Betapa tidak! Kelompok Habib Rizieg terus menggaungkan julukan kafir terhadap kaum
nonmuslim. Apakah itu menandakan adanya persatuan? Penulis tak pernah lupa pada
apa yang terjadi menjelang Basuki Tjahaja Purnama dilengserkan dari jabatan Gubernur
DKI. Kata-kata hujatan seperti ”kafir”, ”Cina”, ”bunuh Ahok” membahana di
mana-mana. Apakah itu adil dan benar? Mengapa sang habib membiarkan hal yang
bertentangan dengan isi gagasannya terjadi?
Sementara itu, butir kelima konsep NKRI Bersyariat ala
Habib Rizieg Syihab berbunyi: ”Menjadikan
pribumi sebagai tuan di negeri sendiri”.
Astaga! Tidak tahukah seorang ulama besar tentang pelarangan
penggunaan istilah ”pribumi” dan ”keturunan” melalui UU N0. 40 tahun 2008?
Bukankah pada hakikatnya seluruh bangsa Indonesia ini merupakan imigran? Apakah
Habib Rizieg Syihab sendiri menganggap diriya keturunan Homo Soloensis?

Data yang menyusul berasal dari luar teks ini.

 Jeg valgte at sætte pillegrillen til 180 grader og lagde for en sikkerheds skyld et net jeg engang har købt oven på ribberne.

Rekam jejak Habib Rizieg Syihab sendiri – yang jauh dari
etika moral, hukum, dan sopan santun – sama sekali tidak sesuai dengan gagasan
mulia yang diajukannya. Antara gagasan dan fakta yang dilakukan itu terdapat kesenjangan
yang menganga lebar. Mungkinkah masyarkat luas benar-benar bisa menaruh kepercayaan
pada gagasannya? Keputusan final yang bijak
Masih menurut pendapat Denny J.A. Perserikatan Bangsa Bangsa (PBB) telah membentuk
sebuah lembaga Sustainable Development
Solution Network (SDSN) yang bertugas mengukur World Happiness Index untuk menguji kemajuan suatu bangsa.

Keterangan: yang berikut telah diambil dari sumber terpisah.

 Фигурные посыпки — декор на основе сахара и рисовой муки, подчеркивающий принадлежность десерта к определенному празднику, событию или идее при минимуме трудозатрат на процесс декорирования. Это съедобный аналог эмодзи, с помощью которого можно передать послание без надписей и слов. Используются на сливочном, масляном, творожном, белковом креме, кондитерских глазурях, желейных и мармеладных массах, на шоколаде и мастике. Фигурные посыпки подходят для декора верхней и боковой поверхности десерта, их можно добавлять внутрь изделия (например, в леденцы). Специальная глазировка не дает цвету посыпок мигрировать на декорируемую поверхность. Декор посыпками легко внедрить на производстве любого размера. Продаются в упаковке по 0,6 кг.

Indikator negara maju adalah bila negara tersebut bisa membuat warganya merasa
bahagia.
Untuk bahagia, rakyat bukan sekadar harus tercukupi
kebutuhan dasar, kebutuhan ekonomi, dan pendidikannya, melainkan harus pula
terdapat ruang sosial di mana terdapat rasa saling percaya dan tolong-menolong
dengan pihak pemerintah yang bersih dan kompeten.
Ternyata hasil World
Happiness Index itu tak banyak berbeda dengan Islamicity Index yang dibuat oleh sebuah lembaga bernama Yayasan
Islamicity Index yang anggotanya terdiri dari para pakar ekonomi, keuangan, dan
Alquran tingkat dunia.
Kesimpulannya: nilai-nilai terbaik dalam agama Islam –
sebagaimana yang diajarkan dalam agama-agama lain, memiliki nilai-nilai
manusiawi. Itulah yang disebut sebagai ruang publik yang bisa dinikmati oleh
semua manusia, tanpa memandang agamanya.
Dengan demikian, keputusan para founding fathers kita dalam membentuk Negara Kesatuan Republik
Indonesia itu sudah merupakan keputusan final yang bijak, karena bangsa kita
adalah bangsa yang majemuk. Menerapkan prinsip berdasarkan pada satu agama
saja, bisa merusak tatanan toleransi dan persatuan serta kesatuan bangsa.
Dengan kata lain, founding
fathers kita telah menyediakan ruang publik yang manusiawi untuk setiap
warganya, tanpa memandang suku, agama, ras, dan golongan. Mari kita lestarikan!